2nd Governor of Tranquebar
- In office 1621–1636
- Monarch: Christian IV
- Preceded by: Ove Gjedde
- Succeeded by: Bernt Pessart

Personal details
- Born: Unknown Dutch Republic
- Died: 1644 Copenhagen
- Spouse: Unmarried

Military service
- Allegiance: Dutch Republic Denmark–Norway 1618–1644
- Rank: General
- Battles/wars: Roland Crappé's raids on Portuguese colonies; Siege of Dansborg (1624);

= Roland Crappé =

17th-century Dutch general and governor of Danish India

Roland Crappé or Roelant Crappé (Reland Crepi; d 13 March 1644) was a Dutch colonial official serving the Dutch and Danish East India Company. He became director general of the Ceylonese (Sri Lankan) department of the Danish East India Company in 1618 and became commander in chief and governor of Tranquebar upon his seventh arrival in the Indies in 1624. During his leadership, new factories and offices were established and Danish trade went exceptionally well. He died in 1644 only a few years after his homecoming to Denmark.

== Early life ==
According to Icelandic Jón Ólafsson, Roland Crappé was born into a poor Dutch family.
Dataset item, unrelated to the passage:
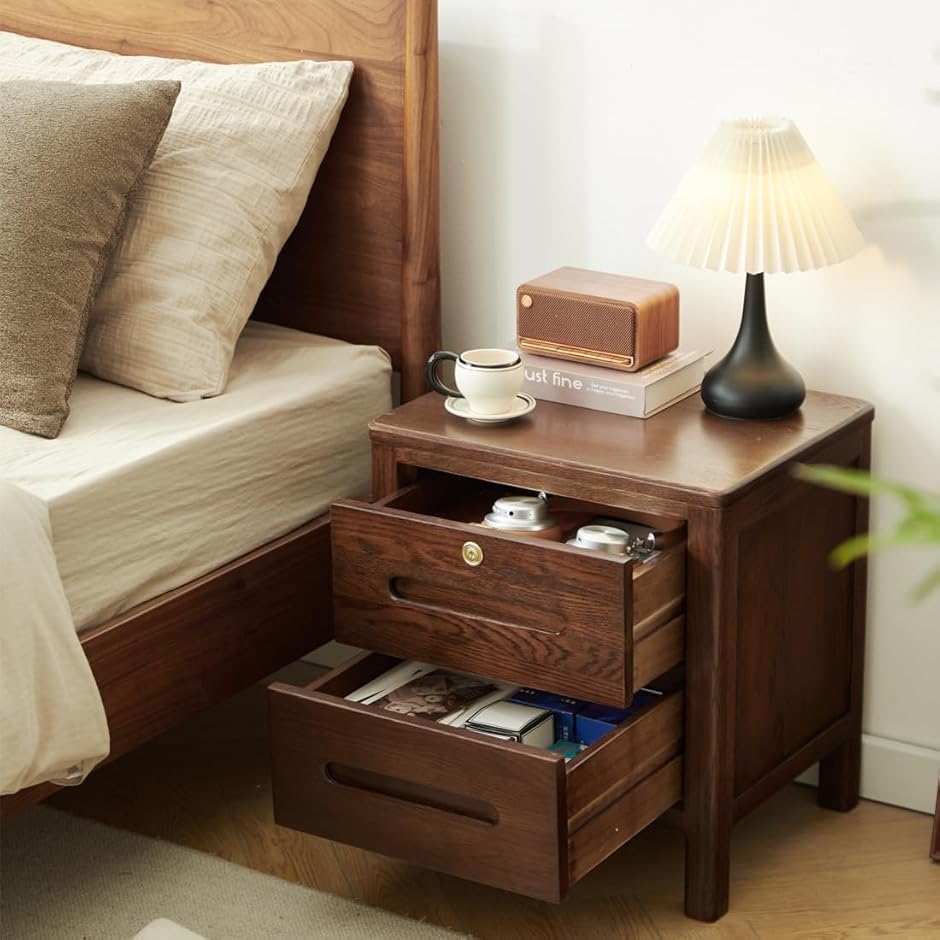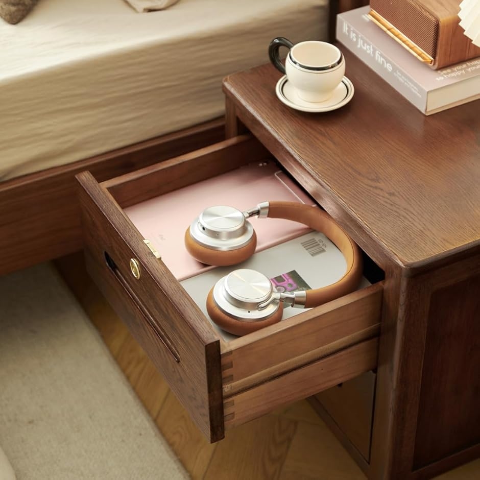 「収納楽々」引き出しが2つ付いており、本や雑誌、メガネ、時計、タブレット、ハンドクリームなどベッドサイドにあると便利な小物が十分に収納できます。

He would early on go to sea where he acquired his first literacy. He would also make five voyages to India in Dutch service: first as a ship's boy, then as a merchant.

== Early career ==
In March 1616 the Danish East India Company was founded and at approximately the same time Crappé came to Denmark. An expedition was meanwhile prepared to set sail for Sri Lanka to establish a Danish monopoly on the island.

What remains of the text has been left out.